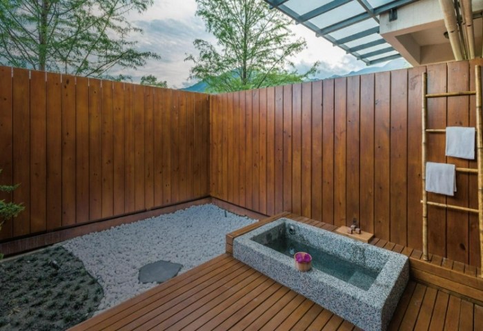 - 酒店介紹: 這家比較特別,位於瑞穗溫泉區,但感覺更偏向精緻的溫泉民宿。規模不大,環境小巧溫馨。最大特色是戶戶有半露天景觀溫泉湯池!每間房都有自己的泡湯空間,雖然不是檜木桶,但也是石材砌成,空間足夠,且有綠意造景。風格簡約舒適。
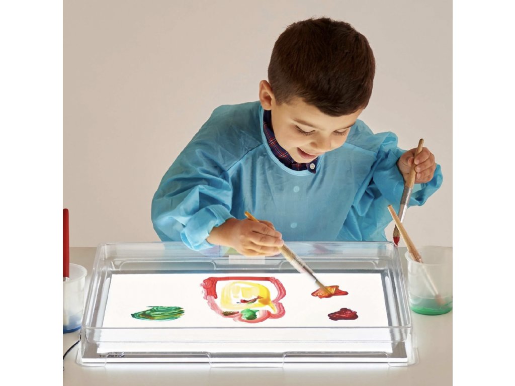 Tento kryt je skoro nezbytným doplňkem ke Světelný panel Light Table A3 .Umožní udělat smyslohraní ještě zábavnější a zajímavější. Pro mokré a tekuté, či patlavé aktivity je výborným pomocníkem, snadno se díky němu uklízí.
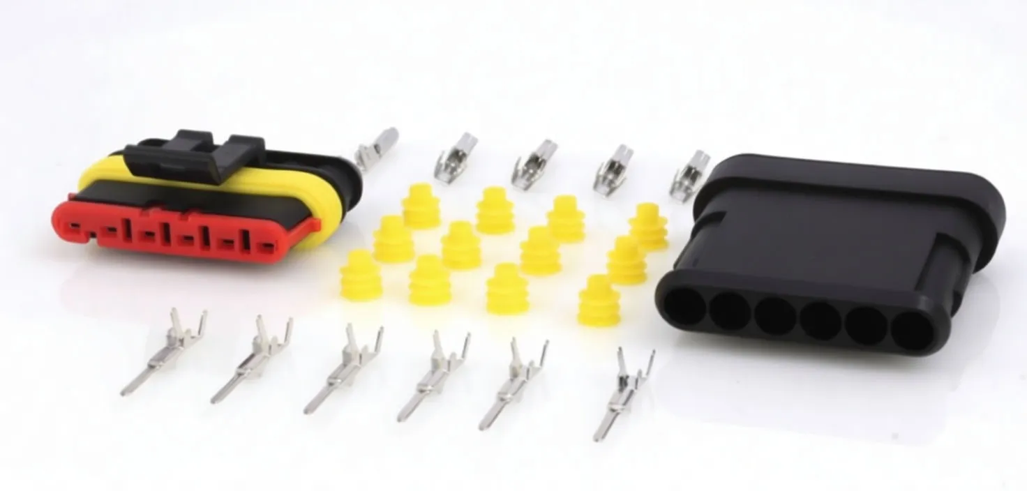 Complete 6-way waterproof connector system for automotive and industrial wiring. IP67-rated, 24V, includes housings, terminals, and seals.
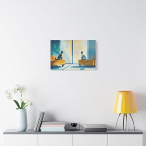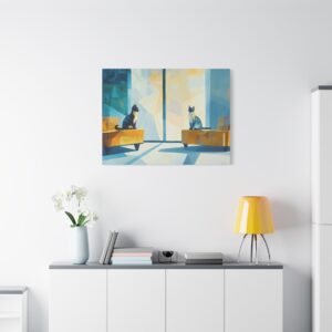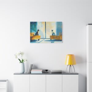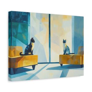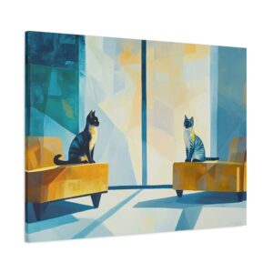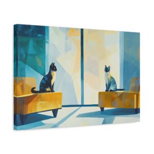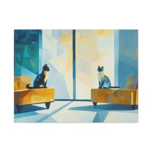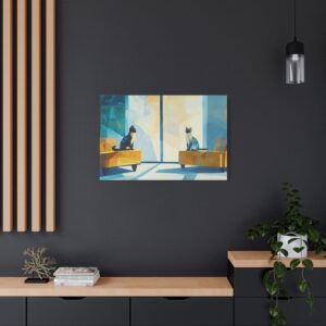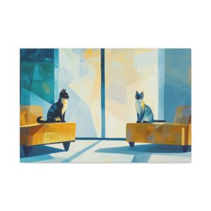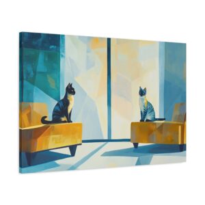 Laissez-vous séduire par cette création artistique enchanteresse qui marie avec délicatesse l’univers félin et l’art de l’aquarelle. Cette toile contemporaine capture l’essence même de nos compagnons à quatre pattes dans une explosion de couleurs vibrantes et de touches délicates.
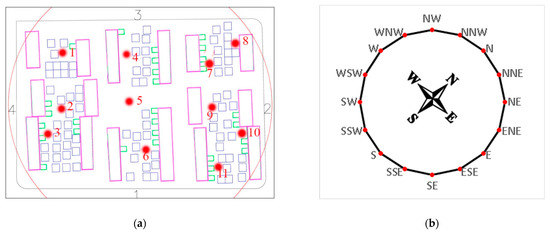 (a) Location of the 11 probe points in the wind tunnel to infer the wind flow at three different heights above ground level; (b) Sixteen-degree rotating sectors (according to wind rose) for probing the data according to the projection of (a).

:::::

■ TASK PROMPT: Using the entries above, extract exactly the lines from the one that contains "Tento kryt je" through the one that contains "Complete 6-way waterproof". Do not carry over any pictures.

■ SOLUTION BELOW:
 Tento kryt je skoro nezbytným doplňkem ke Světelný panel Light Table A3 .Umožní udělat smyslohraní ještě zábavnější a zajímavější. Pro mokré a tekuté, či patlavé aktivity je výborným pomocníkem, snadno se díky němu uklízí.
 Complete 6-way waterproof connector system for automotive and industrial wiring. IP67-rated, 24V, includes housings, terminals, and seals.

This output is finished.